Please repeat each line from the one holding "國內家庭使用的水龍頭大多是「" through the final line of the data, exactly as it stands, with no pictures.

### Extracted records

++++++++++

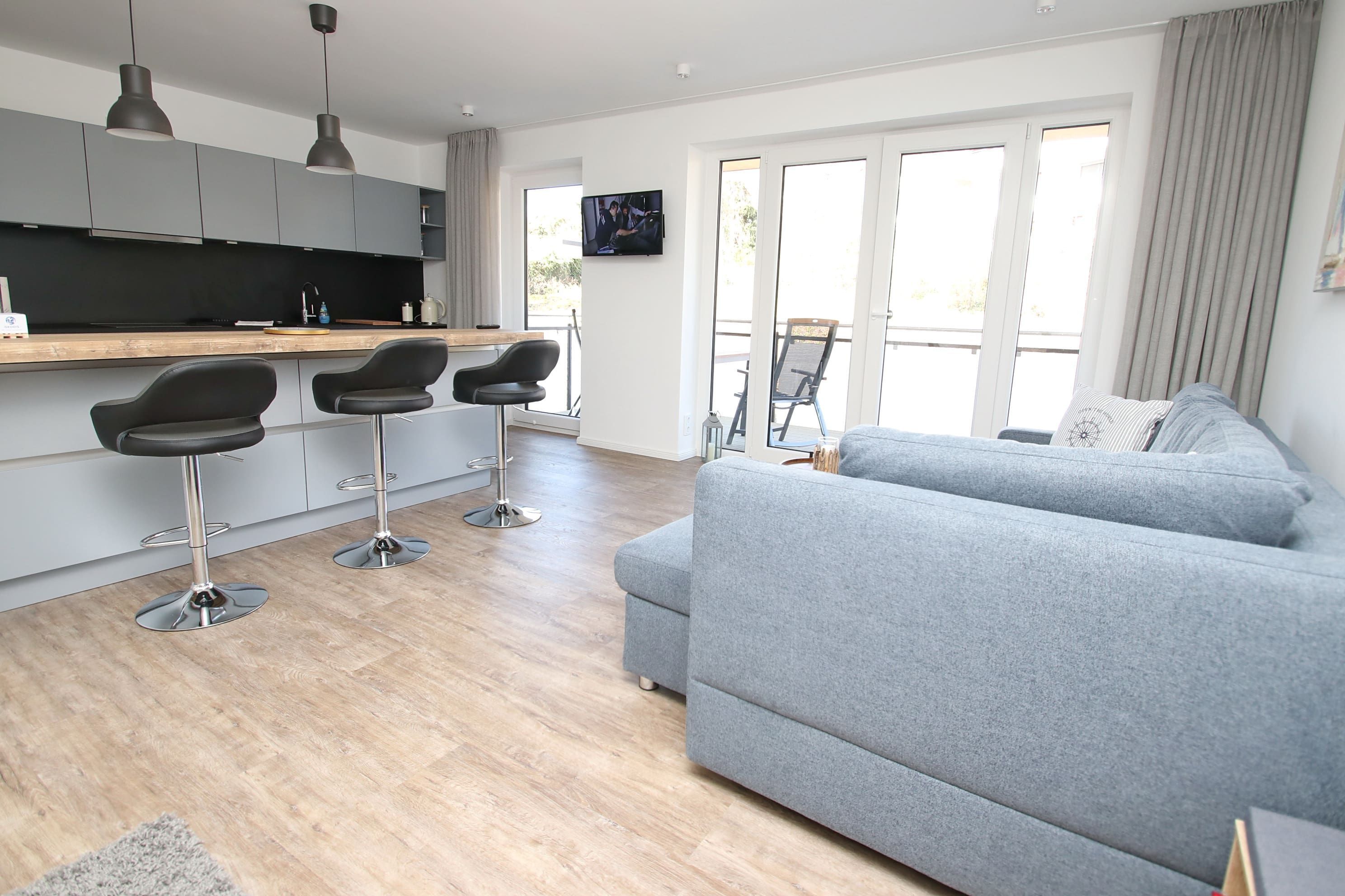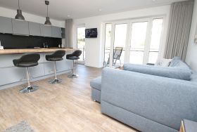 2-Zimmer-Ferienwohnung, 1. OG, ca. 70 m² mit Westbalkon.
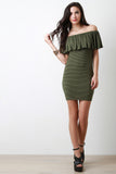 This gorgeous  stripe  knit fabrication, elasticized off the shoulder neckline with ruffle trim, and stretchy bodycon fit. Accessories sold separately. Made in U.S.A. 92% Rayon, 8% Spandex.
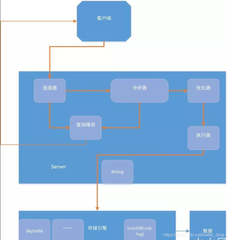 - Server 層:主要包括連接器、查詢緩存、分析器、優(yōu)化器、執(zhí)行器等,所有跨存儲引擎的功能都在這一層實現(xiàn),比如存儲過程、觸發(fā)器、視圖,函數(shù)等,還有一個通用的日志模塊 binglog 日志模塊。
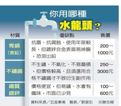 國內家庭使用的水龍頭大多是「銅鉛合金」材質,鉛元素與空氣接觸後,會氧化生成一層保護膜,長期自來水沖洗下,保護膜會脫落浸入水中,造成鉛元素釋出。為解決用水而淨化水質,自來水公司使用氯做為消毒劑,而水中殘留的「餘氯」則加速水龍頭老化。據研究分析,使用六年以上的水龍頭,若切開水龍頭內部材質檢驗,其已變成銅綠色或黑色,「鉛」的釋放量會大幅增加。
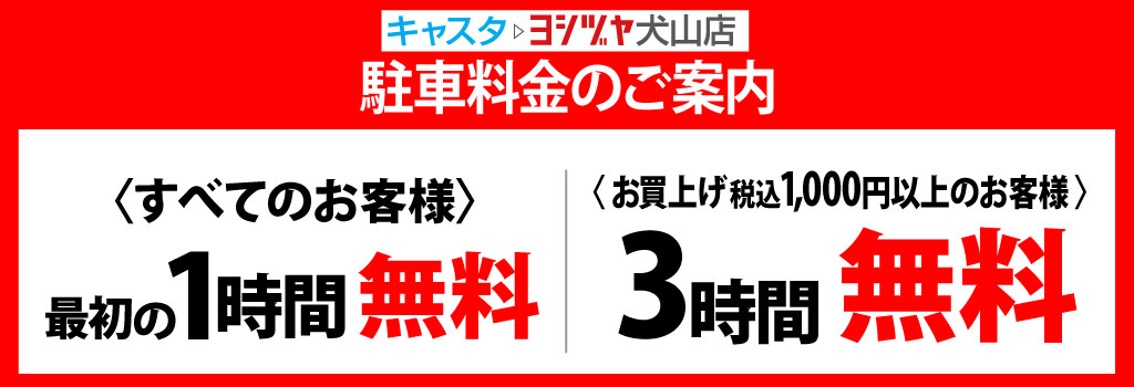 税込1,000円以上お買い上げの方には各店レジ(一部テナントを除く)、1階インフォメーション および ヨシヅヤお客様センターにて、QRコード付の駐車サービス券(2~4時間追加)を発行いたします。
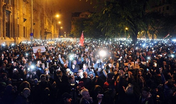 وكان نحو 100 ألف مجري قد تجمعوا في 28 أكتوبر للاحتجاج على ضريبة مزمعة على حركة المعلومات على الإنترنت وعلى النهج الأوسع لحكومة أوربان التي يرون أنها تقوض الديمقراطية والعلاقات مع دول الاتحاد الأوروبي.

++++++++++

### YOUR SOLUTION
 國內家庭使用的水龍頭大多是「銅鉛合金」材質,鉛元素與空氣接觸後,會氧化生成一層保護膜,長期自來水沖洗下,保護膜會脫落浸入水中,造成鉛元素釋出。為解決用水而淨化水質,自來水公司使用氯做為消毒劑,而水中殘留的「餘氯」則加速水龍頭老化。據研究分析,使用六年以上的水龍頭,若切開水龍頭內部材質檢驗,其已變成銅綠色或黑色,「鉛」的釋放量會大幅增加。
 税込1,000円以上お買い上げの方には各店レジ(一部テナントを除く)、1階インフォメーション および ヨシヅヤお客様センターにて、QRコード付の駐車サービス券(2~4時間追加)を発行いたします。
 وكان نحو 100 ألف مجري قد تجمعوا في 28 أكتوبر للاحتجاج على ضريبة مزمعة على حركة المعلومات على الإنترنت وعلى النهج الأوسع لحكومة أوربان التي يرون أنها تقوض الديمقراطية والعلاقات مع دول الاتحاد الأوروبي.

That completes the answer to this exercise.